Saved data entries
- - -

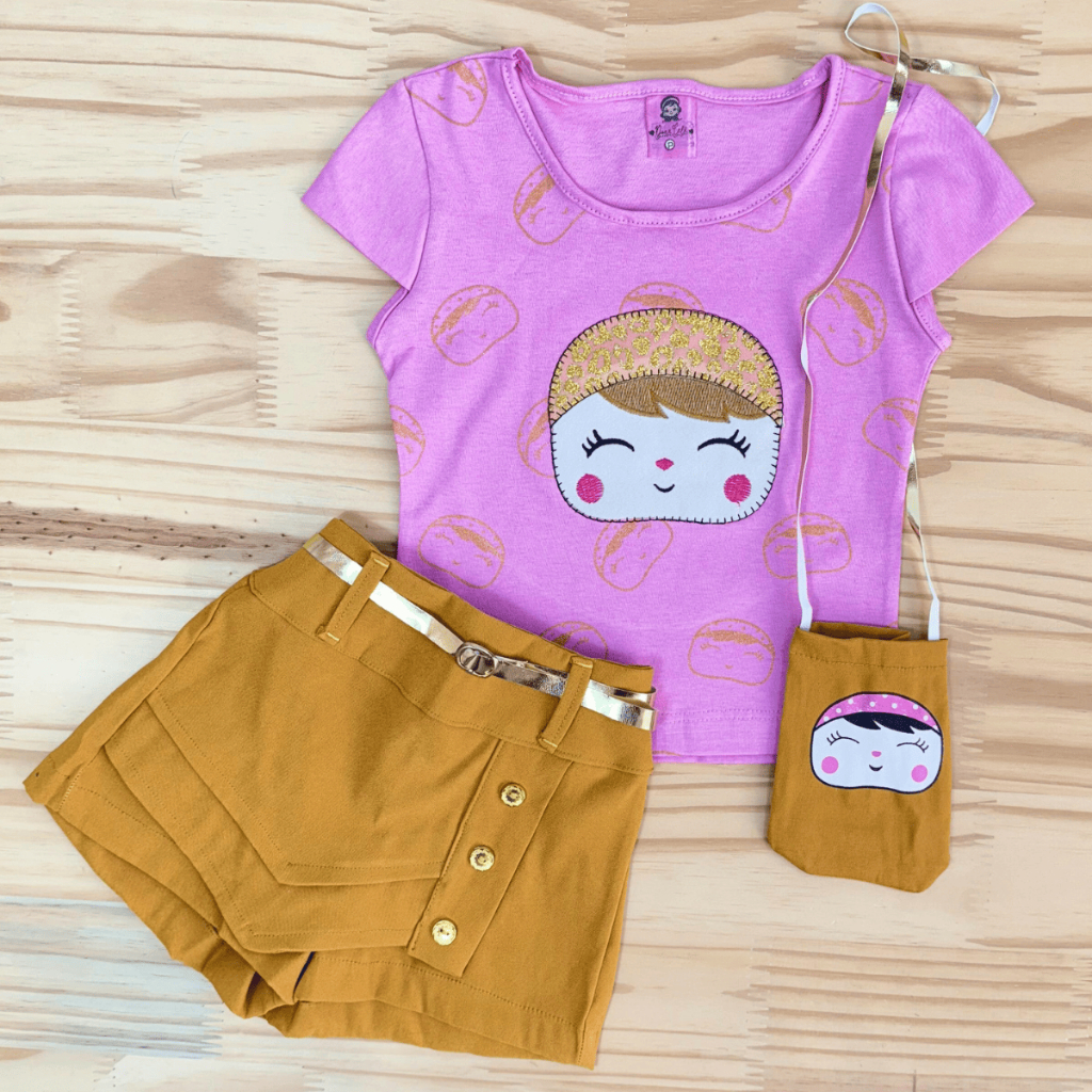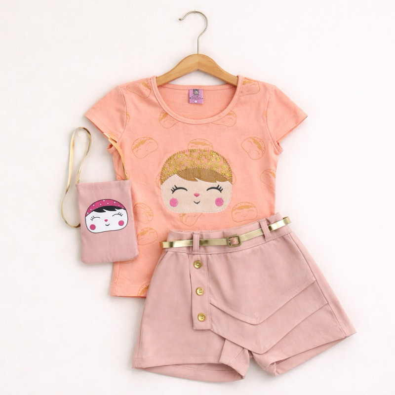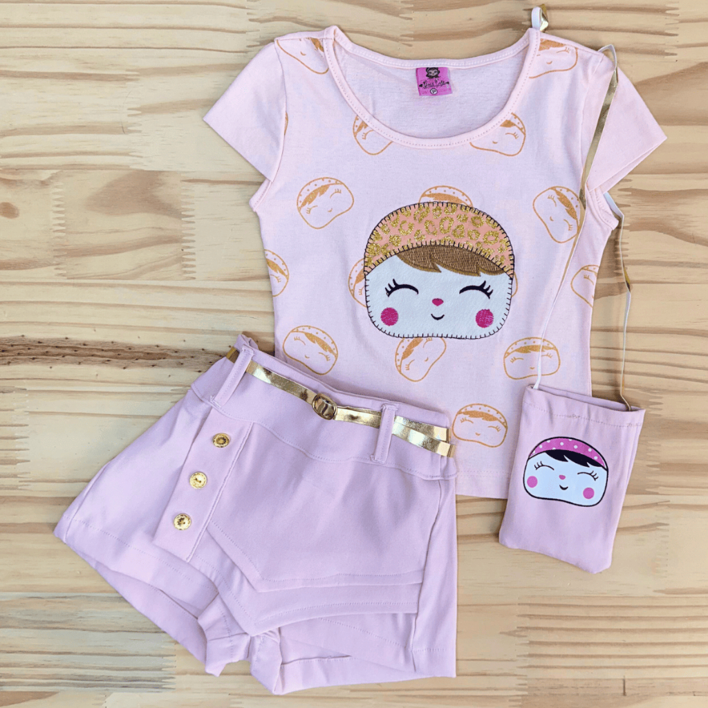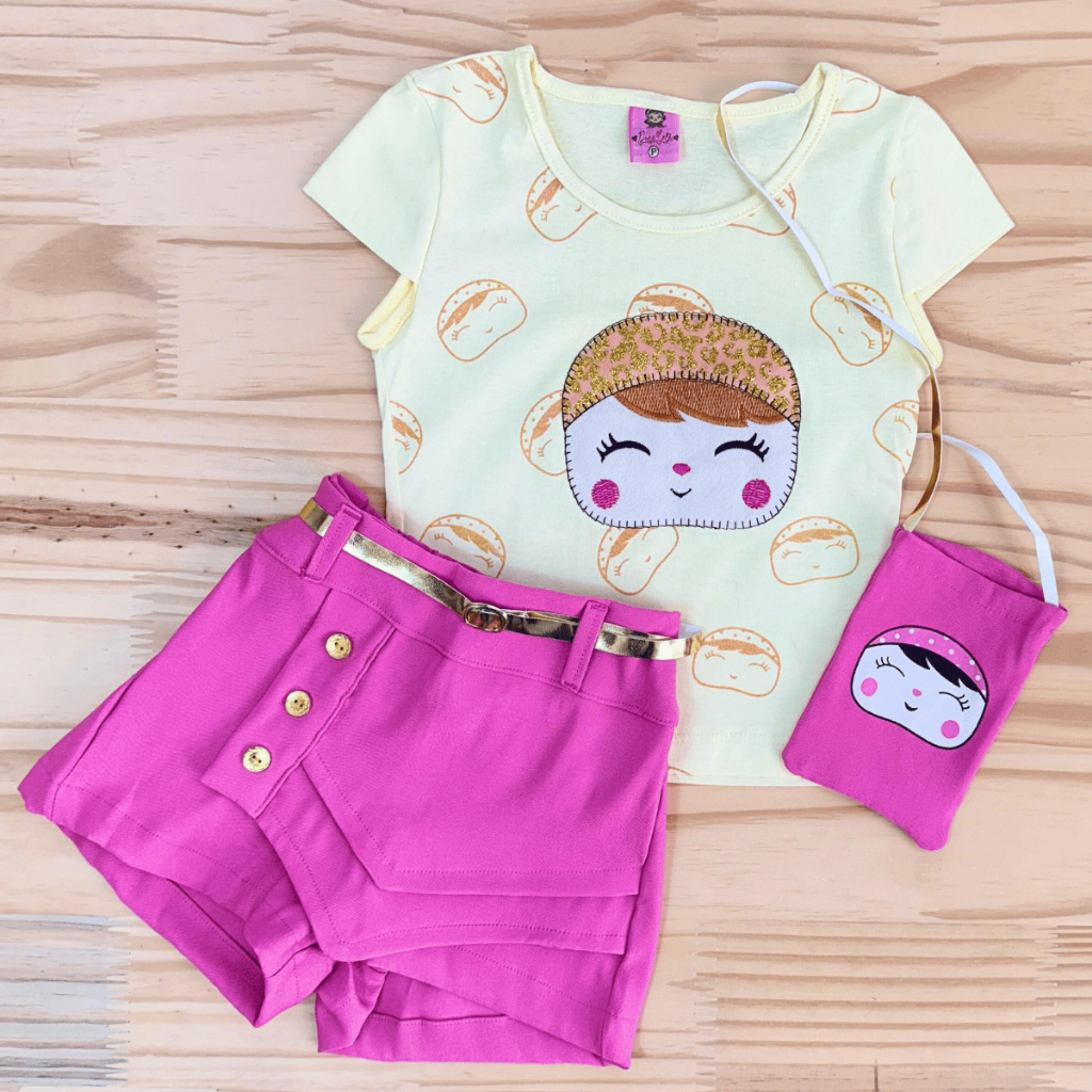 Conjunto Infantil Meninas Camiseta, Shorts Saia e Bolsinha Conjunto Social Blogueirinha Feminino
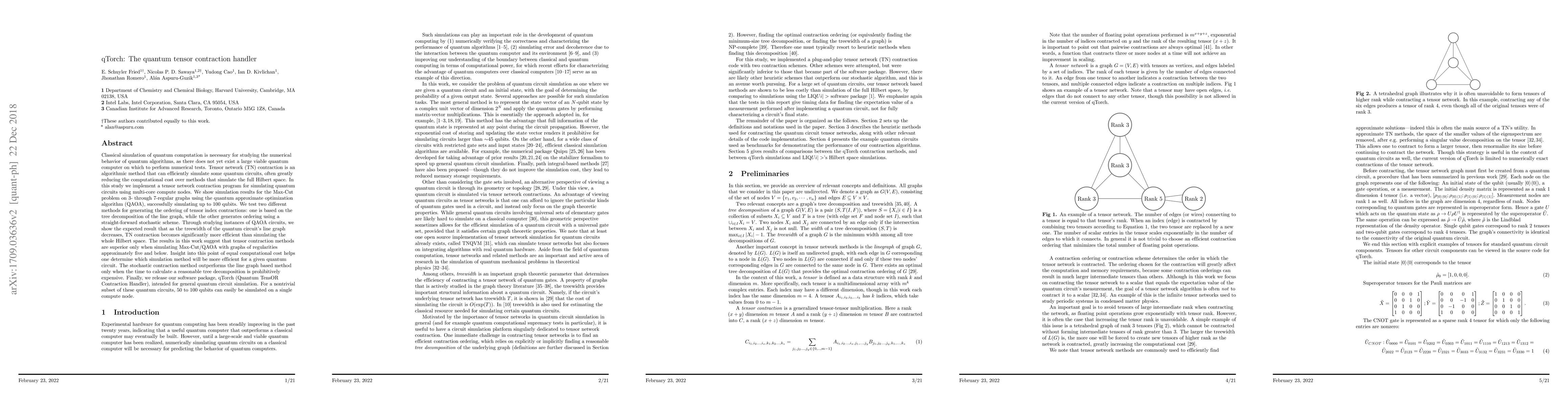 qTorch is a tensor network contraction program for simulating quantum circuits on multi-core compute nodes, demonstrating efficiency in simulating the Max-Cut problem using QAOA on regular graphs. The study finds that tensor contraction methods are more efficient than full Hilbert space simulations for quantum circuits with lower treewidths, particularly for regularities five and below.
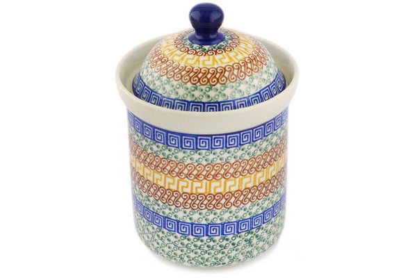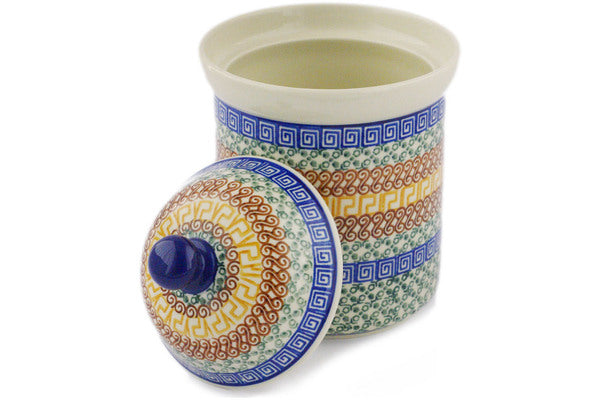 This Grecian Sea 8" Canister 8" was handmade and hand decorated in Boleslawiec, Poland by skilled artisans according to old traditional methods. This Polish stoneware is microwave, dishwasher, freezer, and oven safe up to 480°F. It does not contain lead or cadmium. It is part of the Grecian Sea Collection.
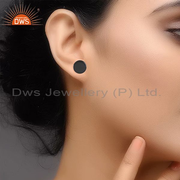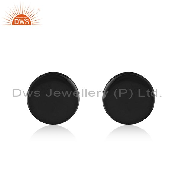 925 Sterling Plain Silver Black Rhodium Plated Stud Earrings Supplier
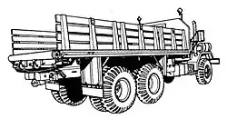 The M328 had a stake body 20 ft (6.1 m) long by 7 ft (2.1 m) wide for carrying bridging equipment and components. They had a roller on the rear to help unloading and small winches on the side to secure cargo. The stake sides could be removed to carry oversize loads. The largest tires in the series, 14.00x20, were used with dual rear tires.[21][4]
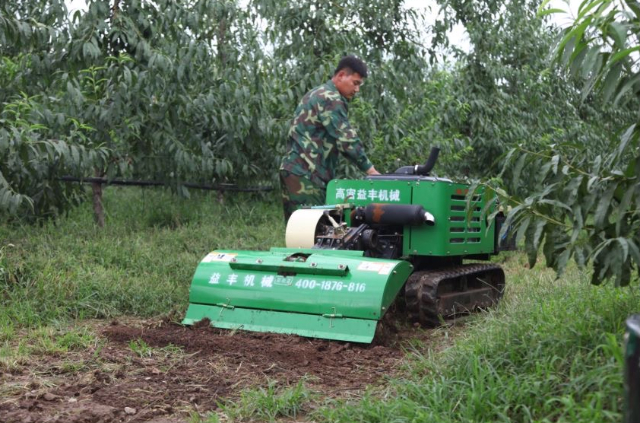 传统果园行距4米株距4米一亩地38棵,原来果农怕树劈叉,就要用竹竿撑起来,遍地是竹竿进不了农业机械。国桃基地研究了倒拉枝技术,在树中间立个杆子,用绳子拉着树枝,起到了同样的作用,再配合修剪,小拖拉机就可以携带除草机等配件进入果园了。

- - -

Leave out any pictures and return exactly the lines from the beginning of the data through the line with "qTorch is a", inclusive.

## Answer for the task
 Conjunto Infantil Meninas Camiseta, Shorts Saia e Bolsinha Conjunto Social Blogueirinha Feminino
 qTorch is a tensor network contraction program for simulating quantum circuits on multi-core compute nodes, demonstrating efficiency in simulating the Max-Cut problem using QAOA on regular graphs. The study finds that tensor contraction methods are more efficient than full Hilbert space simulations for quantum circuits with lower treewidths, particularly for regularities five and below.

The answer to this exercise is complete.